Even if a password is not trivial to guess, it might succumb to an offline search of the password space. An offline search needs some way to check a guess without using the system itself, and some methods used today for storing passwords do provide such a way. (See below.)
Finally, changing a password requires human intervention. Thus, compromised passwords could remain valid for longer than is desirable. And there must be some mechanism for resetting the password (because passwords will get forgotten and compromised). This mechanism could itself be vulnerable to social-engineering attacks, which rely on convincing a human with the authority to change or access information that it is necessary to do so.
With all these concerns about passwords, you might wonder what is required for a password to be considered a good one. There are three dimensions, and they interact so that strengthening one can be used to offset a weakness in another.

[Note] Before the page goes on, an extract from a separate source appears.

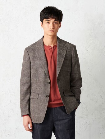 サマーウール素材を使用し、ざっくりと織られたバスッケト織の爽やかさにオレンジ系カラーがアクセントになった新鮮さのある一着で、コーディネートの差し色にオススメです。オレンジの色味にこだわり、ベージュの糸と掛け合わせることでナチュラルなトーンを実現し、オフィスカジュアルのスタイリングに取り入れやすい仕様にしました。AMFステッチや袖口の本切羽仕様など細部は高級感にこだわったデザインを取り入れました。

When passwords are used for authenticating a user, the system must have a way to check whether the password entered is valid. Simply storing a file with the list of usernames and associated passwords, however, is a bad idea because if the confidentiality of this file were ever compromised all would be lost. (Similarly, backup copies of this file would have to be afforded the same level of protection, since people rarely ever change their passwords.) Better not to store actual passwords on-line. So instead we might compute a cryptographic hash of the password, and store that. Now, the user enters a password; the system computes a hash of that password; and the system then compares that hash with what has been stored in the password file.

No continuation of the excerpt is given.